# The radius of the smaller base of the truncated cone is 6 cm, and the generatrix is 5 cm

**The radius of the smaller base of the truncated cone is 6 cm, and the generatrix is 5 cm, inclined to the base plane at an angle of 60 degrees. Find S side, S full.**

To determine the radius of the circle of the larger base, draw the height of BB1. Radius AO = OB + AB. In a right-angled triangle, the angle AB1B = 180 – 90 – 60 = 30. Then the leg AB lies opposite the angle 30 and is equal to half the length of the hypotenuse AB1. AB = 5/2 = 2.5 cm.Then AO = 6 + 2.5 = 8.5 cm.

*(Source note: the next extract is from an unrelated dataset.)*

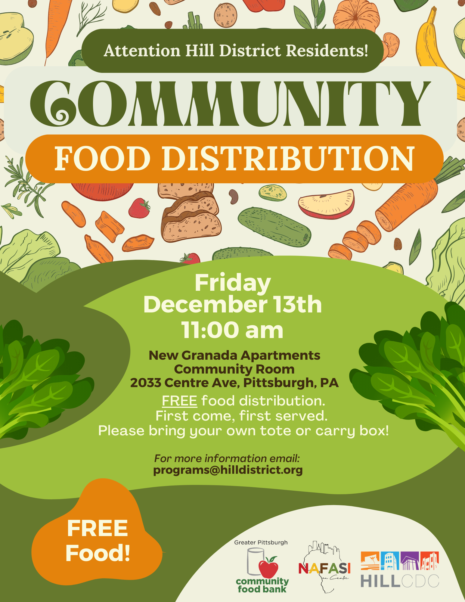 New Granada Apartments Community Room 2033 Centre Avenue, Pittsburgh, United StatesMark your calendars! Don't miss our next FREE food distribution on Friday, December 13th at 11:00 AM! The distribution will occur in the New Granada Apartments Community Room, located at 2033 Centre Avenue.un Bring your own tote or carry box to transport your items. No registration required. See you there!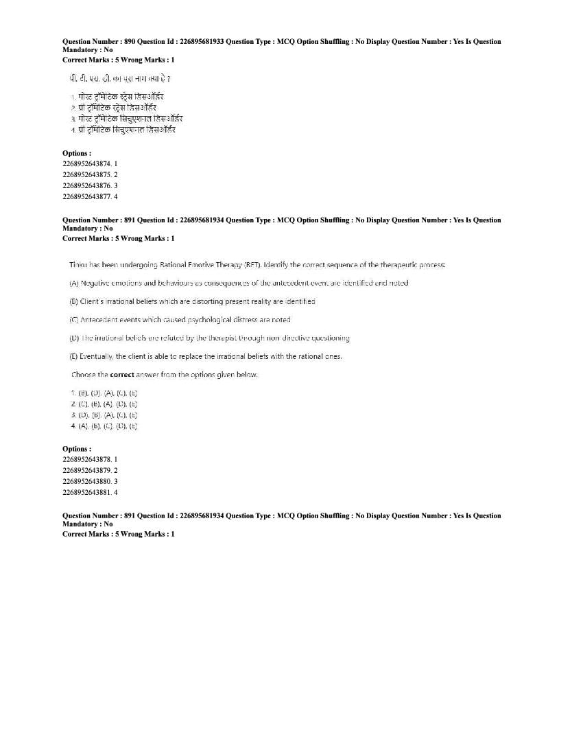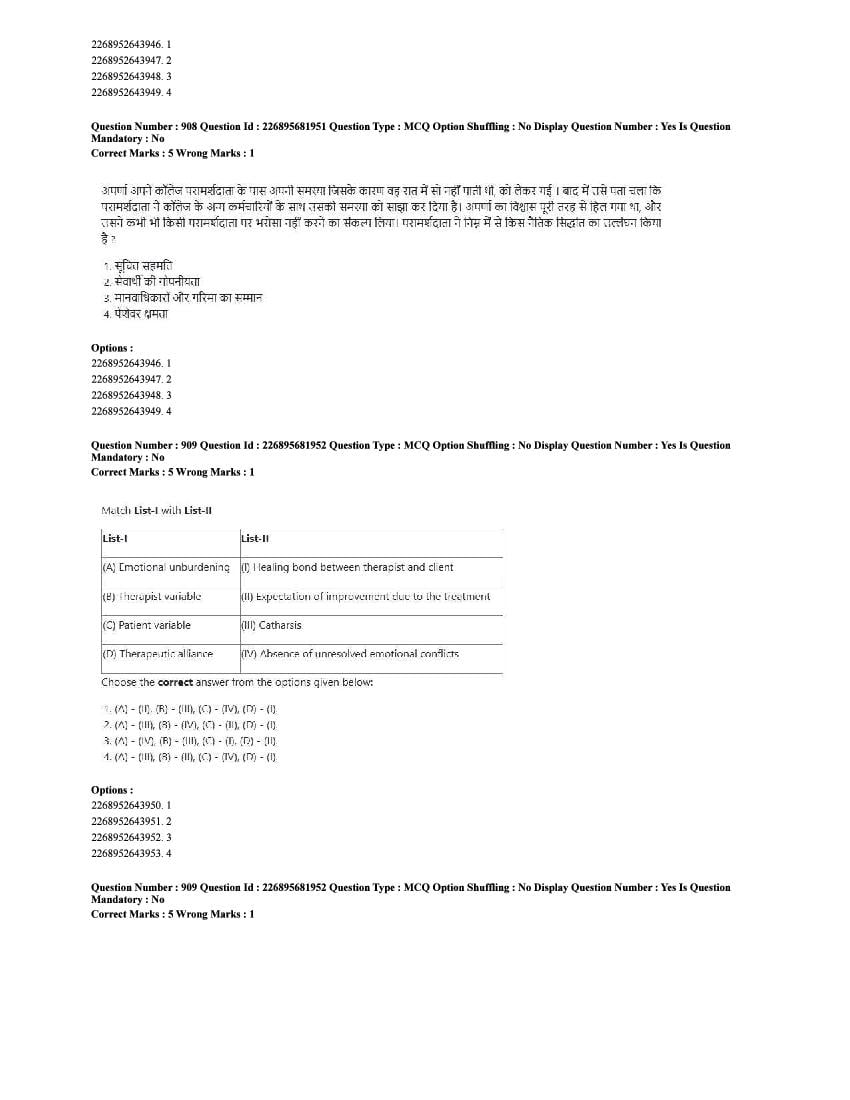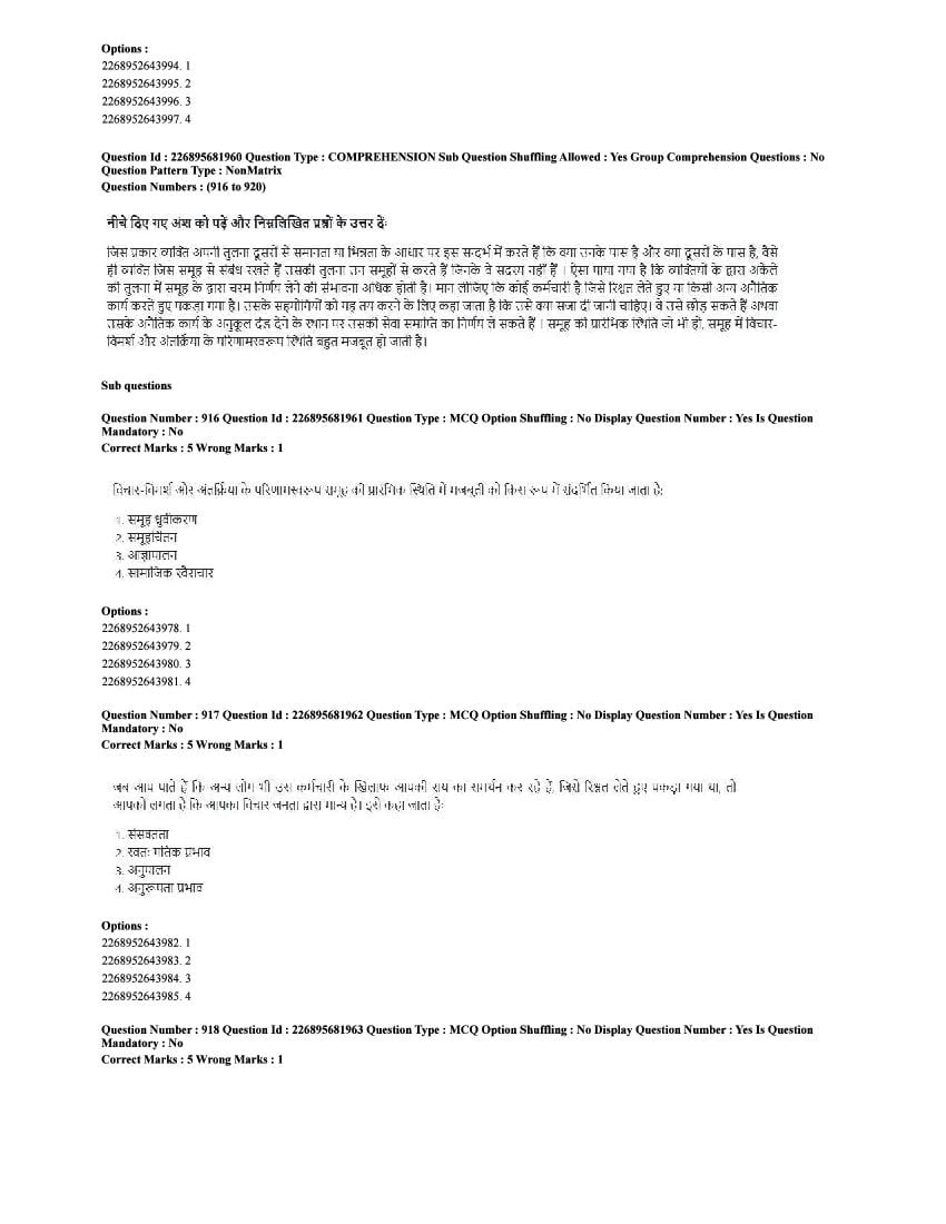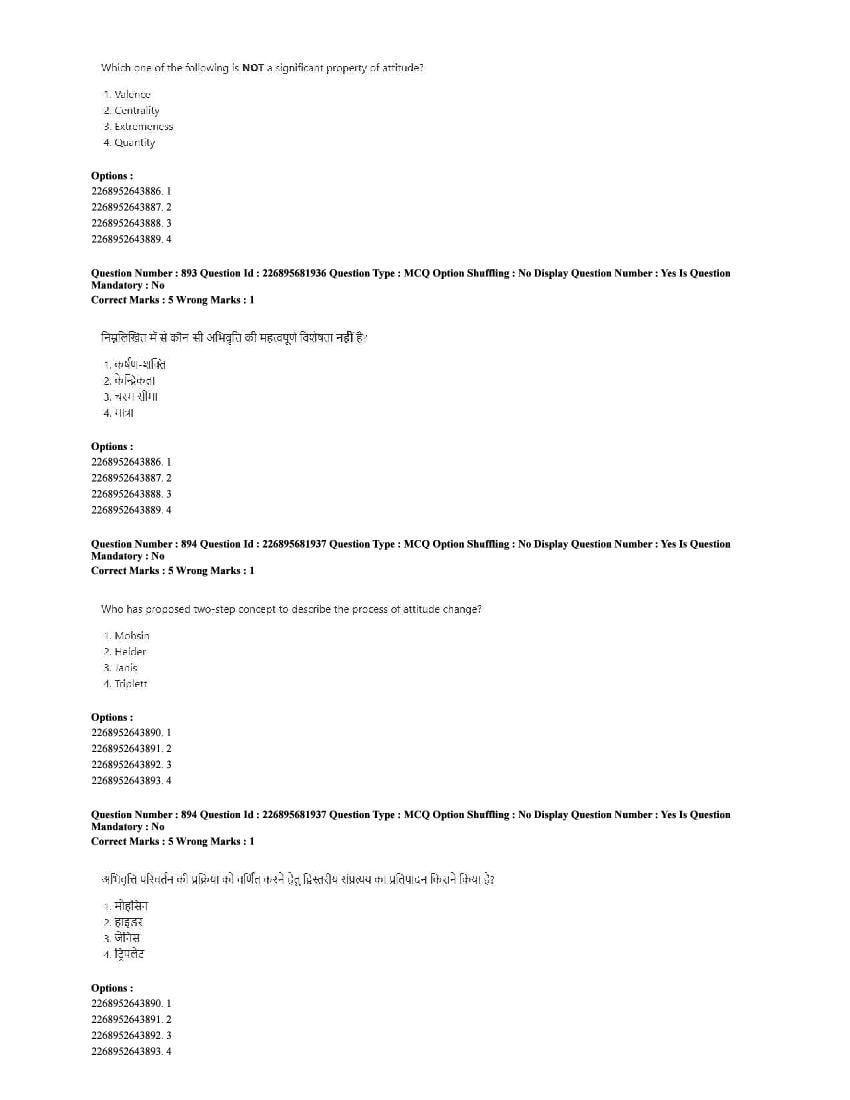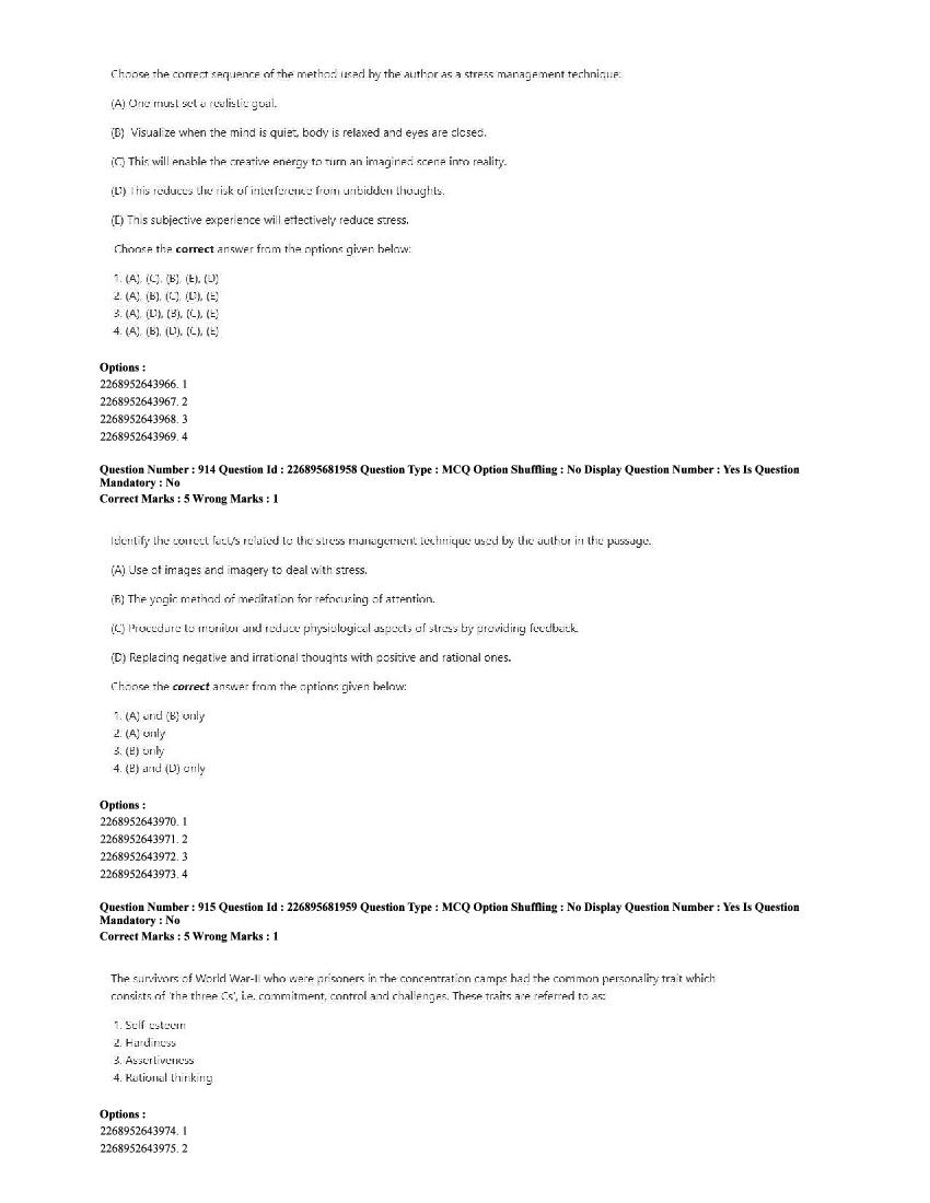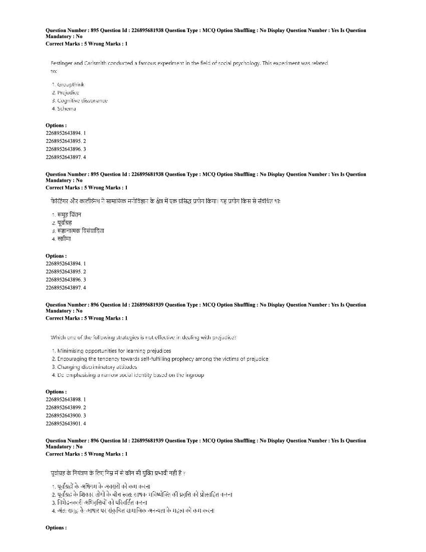 The CUET question paper of Psychology subject held in 2025 and previous years are as follows.

Let’s define the lateral surface area.

Sside = n * (AO + B1O1) * AB1 = n * (8.5 + 6) * 5 = n * 72.5 cm2.

Determine the areas of the bases.

S1 = n * OA ^ 2 = n * 8.5 ^ 2 = n * 72.25 cm2.

S2 = n * O1B1 ^ 2 = n * 6 ^ 2 = n * 36 cm2.

Determine the total area of the cone.

S floor = S side + S1 + S2 = n * 72.5 + n * 72.25 + n * 36 = n * 180.75 cm2.

Answer: Sside = n * 72.5 cm2, Spol = n * 180.75 cm2.